Vietnam’s foreign exchange market reached US$3.4 billion in 2024 and is forecast to more than double to US$7.9 billion by 2033, with an expected compound annual growth rate (CAGR) of 9.61 percent during 2025–2033. The sector is expanding on the back of robust exports, foreign direct investment, and growing financial market sophistication, according to a report from IMARC Group.
Key points in the report include:
- Market size: US$3.4 billion in 2024
- Forecast: US$7.9 billion by 2033
- Growth rate: 9.61% CAGR (2025–2033)
- The market operates under a managed float regime directed by the State Bank of Vietnam (SBV)
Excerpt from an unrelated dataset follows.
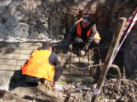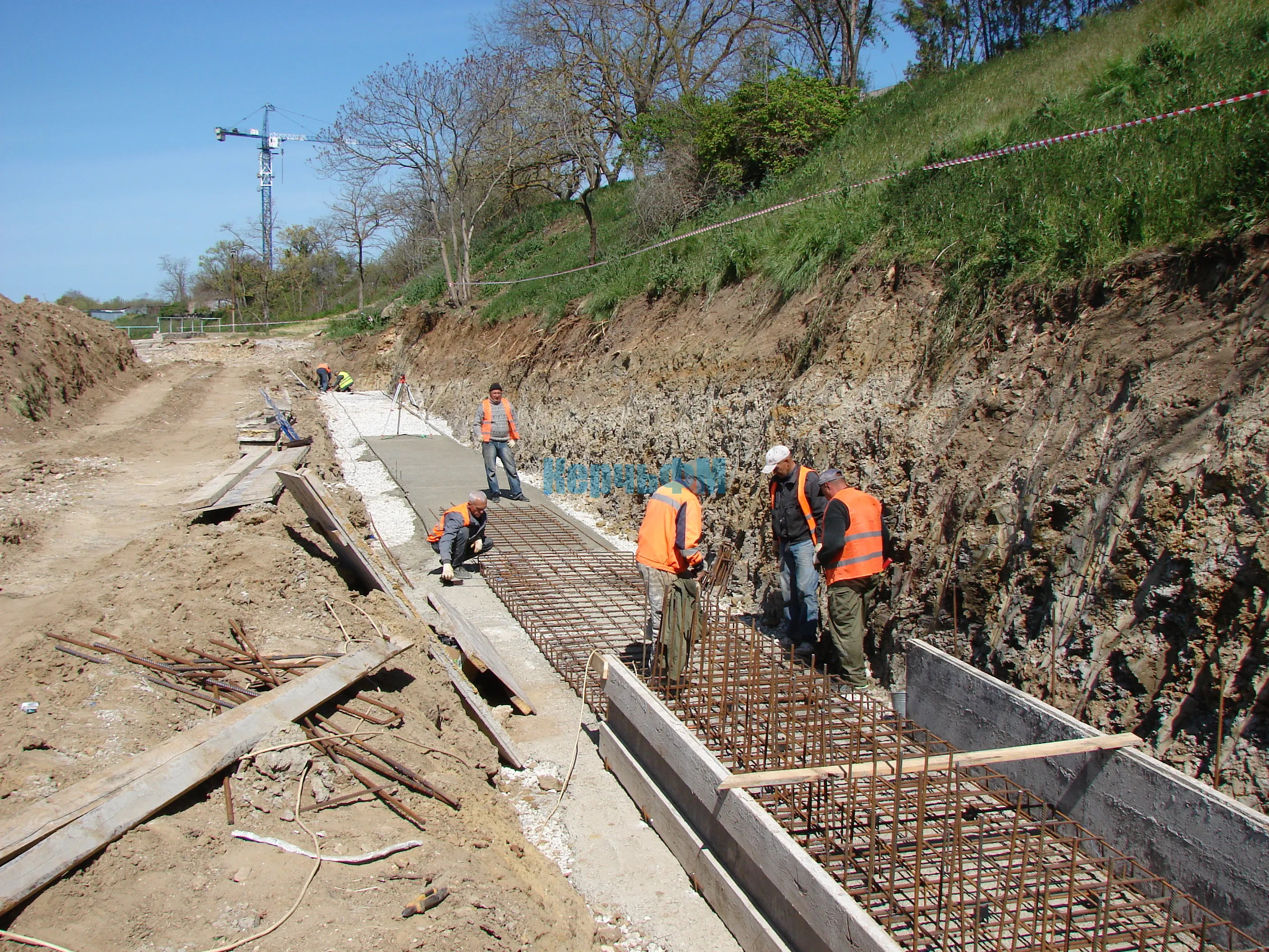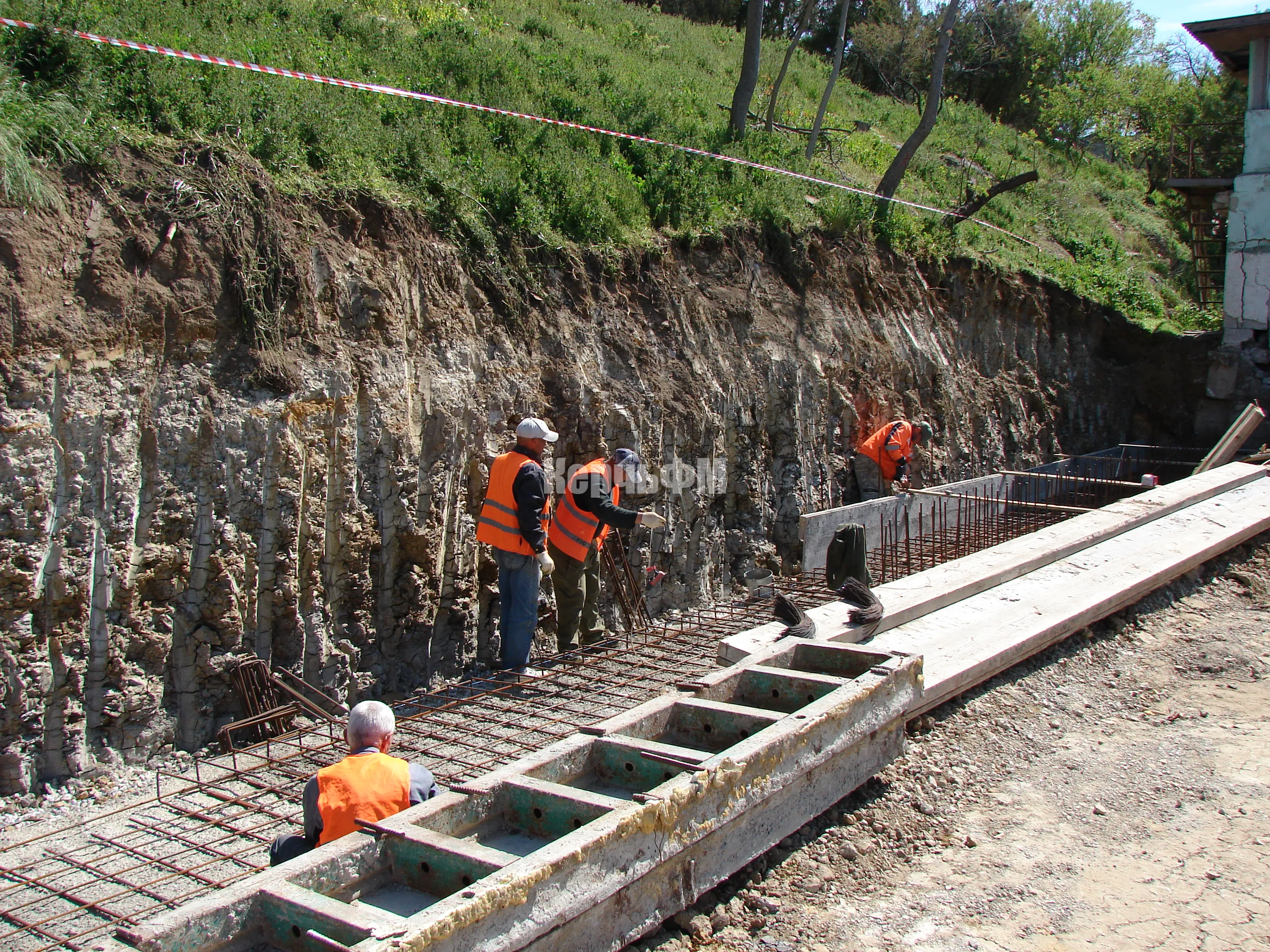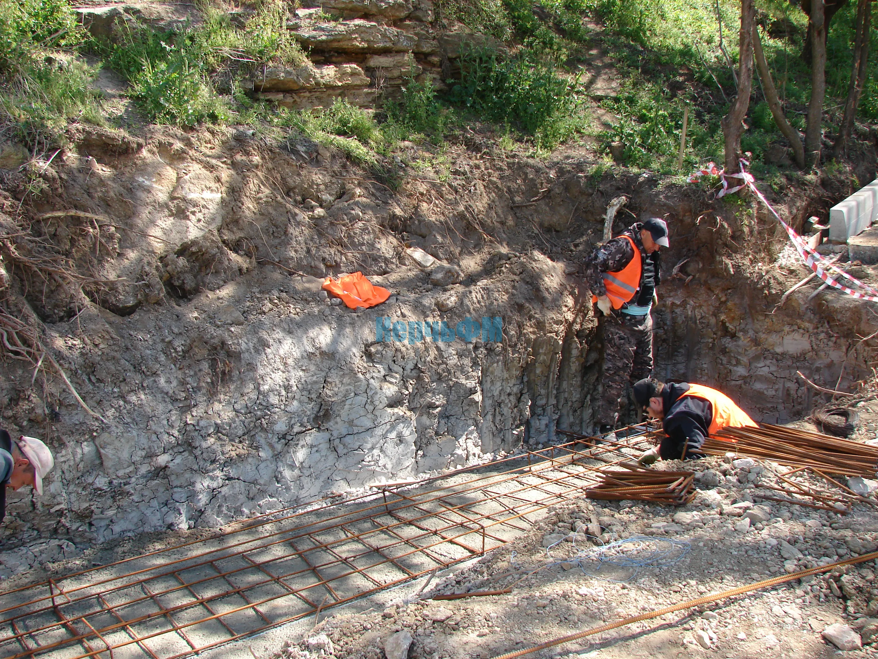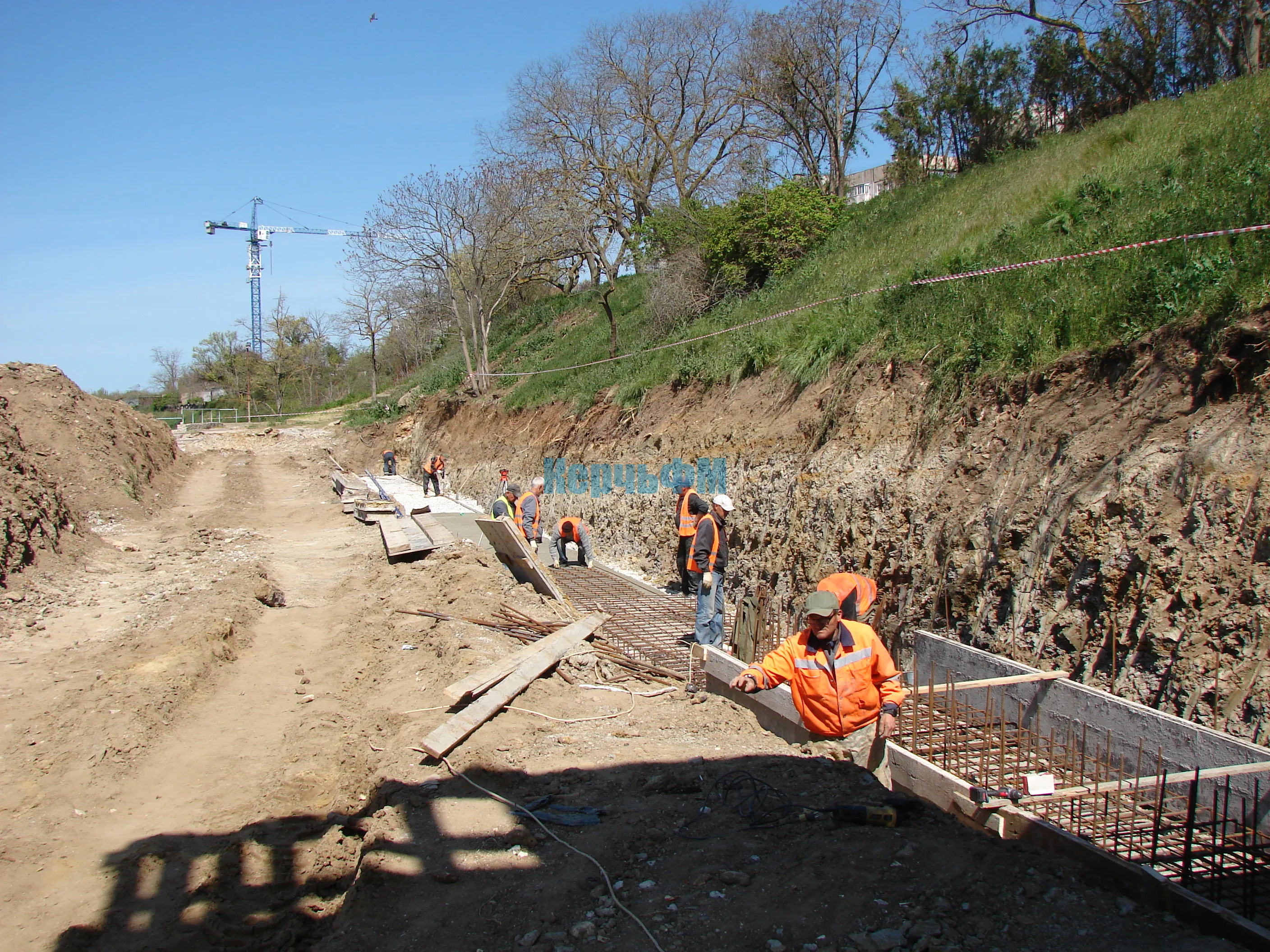 Строители в Керчи готовят каркас для подпорной стены на зоне отдыха Сморжевского

- US dollar remains dominant in currency trading, supported by rising FDI and trade volumes
- Remittances and exports from manufacturing help boost foreign currency supply
- The SBV intervenes regularly to stabilise the exchange rate and limit inflation
- Strong digital infrastructure, regulatory clarity, and trade liberalisation underpin further growth
As Vietnam becomes more integrated into global trade and supply chains, demand for a stable and efficient foreign exchange market is rising. Increasing foreign capital flows, enhanced trading platforms, and the continued liberalisation of Vietnam’s financial system are expected to attract more global participation. With FDI rising and export sectors expanding, the foreign exchange market will play an increasingly strategic role in supporting macroeconomic stability and capital mobility.